- Theatrical release poster
- Directed by: Deepa Mehta
- Written by: Deepa Mehta
- Produced by: Deepa Mehta
- Starring: Rahul Khanna Lisa Ray Moushumi Chatterjee
- Cinematography: Douglas Koch
- Edited by: Barry Farrell
- Music by: Sandeep Chowta
- Production company: IDream Productions
- Distributed by: Mongrel Media
- Release date: 25 October 2002 (Canada);
- Running time: 105 minutes
- Country: Canada
- Languages: English; Hindi;

= Bollywood/Hollywood =

Canadian romantic comedy drama film

Bollywood/Hollywood is a 2002 Canadian romantic comedy drama film directed by Deepa Mehta and starring Rahul Khanna and Lisa Ray.

The film pokes fun at traditional Indian stereotypes, as well as at Indian cinema (it features several Indian film-style song-and-dance numbers).
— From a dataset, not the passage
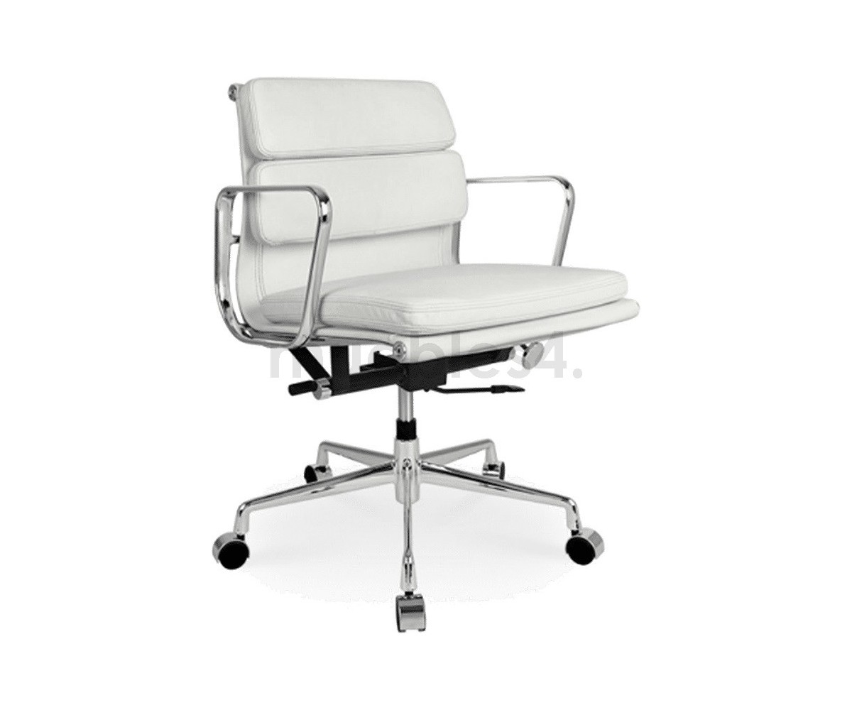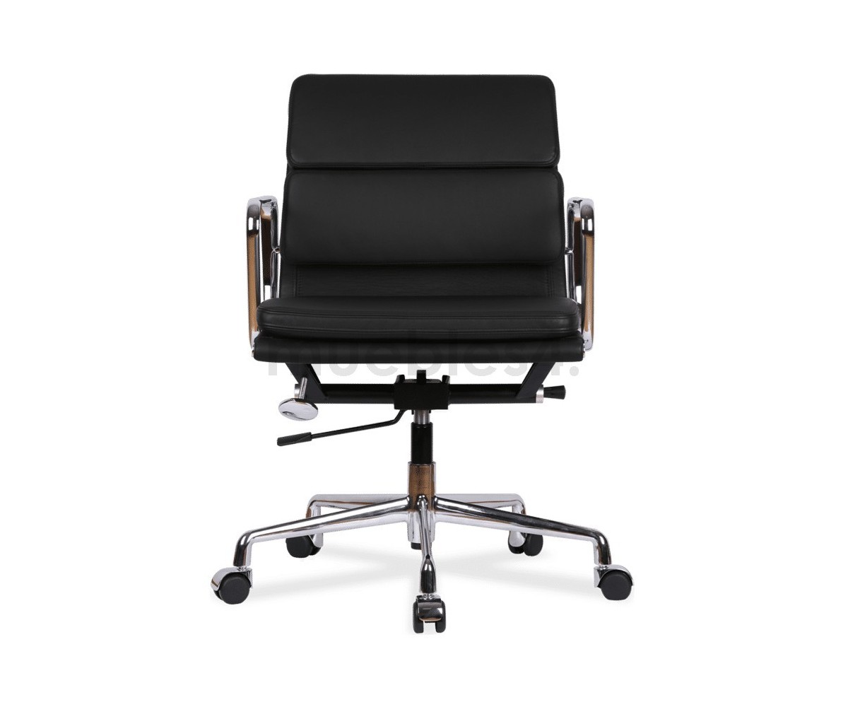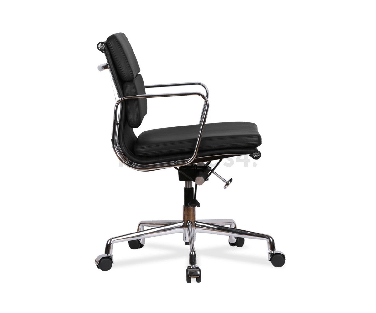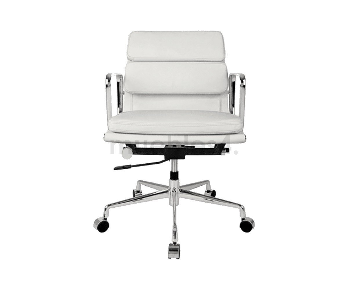Silla de oficina inspirada en un diseño de Charles & Ray Eames. Por su forma y construcción se asemeja a la Aluminium Chair. Extraordinario confort, al combinar el mecanismo de inclinación, que puede ajustarse al peso del usuario, y al suave acolchado. Su diseño elegante, simple y cómodo hace que sea un producto perfecto para oficinas, despachos, estudios.

Akshaye Khanna - a brother of Rahul - makes a cameo appearance in the film.

==Plot==
Rahul Seth, a wealthy young Indian-Canadian, is pressured by his widowed mother to marry a “proper” Indian girl before his pregnant sister Twinky can wed her fiancé Bobby. Still grieving the accidental death of his white pop-singer girlfriend Kimberly, Rahul reluctantly agrees, especially since his mother threatens to halt Twinky’s marriage to protect the family’s reputation. At a bar, he meets Sue, a woman he mistakes for a Spanish escort, and hires her to act as his Indian fiancée to satisfy his mother’s wishes.
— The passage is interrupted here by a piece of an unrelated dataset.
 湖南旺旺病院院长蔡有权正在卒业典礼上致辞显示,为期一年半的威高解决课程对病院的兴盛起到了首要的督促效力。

As the charade continues, Rahul learns that Sue (Sunita) is actually Indian. Though initially upset at her deception, he is drawn to her bold, mischievous nature and the way she bonds with his insecure younger brother, Govind. Their relationship grows stronger, but trouble arises when Sue is falsely accused of being a prostitute at Bobby’s bachelor party. Hurt by Rahul’s doubt, Sue leaves, and Rahul is forced to admit the truth to his family, shattering his mother’s hopes for a respectable wedding. Meanwhile, Twinky takes matters into her own hands and elopes with Bobby.
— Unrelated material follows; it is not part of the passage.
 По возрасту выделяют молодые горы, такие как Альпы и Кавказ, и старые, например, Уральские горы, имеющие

Encouraged by his witty driver Rocky, his Shakespeare-quoting grandmother, and even the ghosts of his father and Kimberly, Rahul realizes that he truly loves Sue. In a dramatic balcony scene at her home, he confesses his feelings, only to be playfully rejected at first. But Sue surprises him by reappearing as his chauffeur, symbolizing her acceptance of his love. The story concludes with reconciliation, family acceptance, and a joyous celebration, blending the melodrama, humor, and romance of Bollywood with a Canadian twist.

==Music==

The music, which is composed by Sandeep Chowta, received good reviews.

Track list
| No. | Title | Artist(s) | Length |
|---|---|---|---|
| 1. | "Rang Rang" | Sonu Nigam, Alisha Chinoy | 4:03 |
| 2. | "Sooni Hawa (Male)" | Sonu Nigam | 4:58 |
| 3. | "Dil Kabootar Khana Hai" | Sonu Nigam | 3:47 |
| 4. | "Krishna Hare (Female)" | Sowmya Raoh | 4:32 |
| 5. | "Sona Sona Roop Hai" | Sonu Nigam, Alisha Chinoy | 4:54 |
| 6. | "If the Shoe Fits" | Sunita Sarathy | 4:19 |
| 7. | "Sooni Hawa (Female)" | Sowmya Raoh | 4:58 |
| 8. | "Chin Chin Choo" | Sanjiv Wadhawani | 3:51 |
| 9. | "Krishna Hare (Male)" | Rajesh | 4:31 |
| 10. | "Salsa" | Instrumental | 3:11 |

==Reception==
===Critical response===

Bollywood/Hollywood was met with "mixed reviews", and has a rating of 41% on review aggregator Rotten Tomatoes, based on 46 reviews.

===Accolades===
At the 23rd Genie Awards, presented in February 2003, the film received five nominations: Best Motion Picture, Best Original Screenplay (Deepa Mehta), Best Actor in a Supporting Role (Ranjit Chowdhry), and Best Actress in a Supporting Role (Dina Pathak) and (Moushmi Chatterji). Mehta won the Genie for Best Original Screenplay.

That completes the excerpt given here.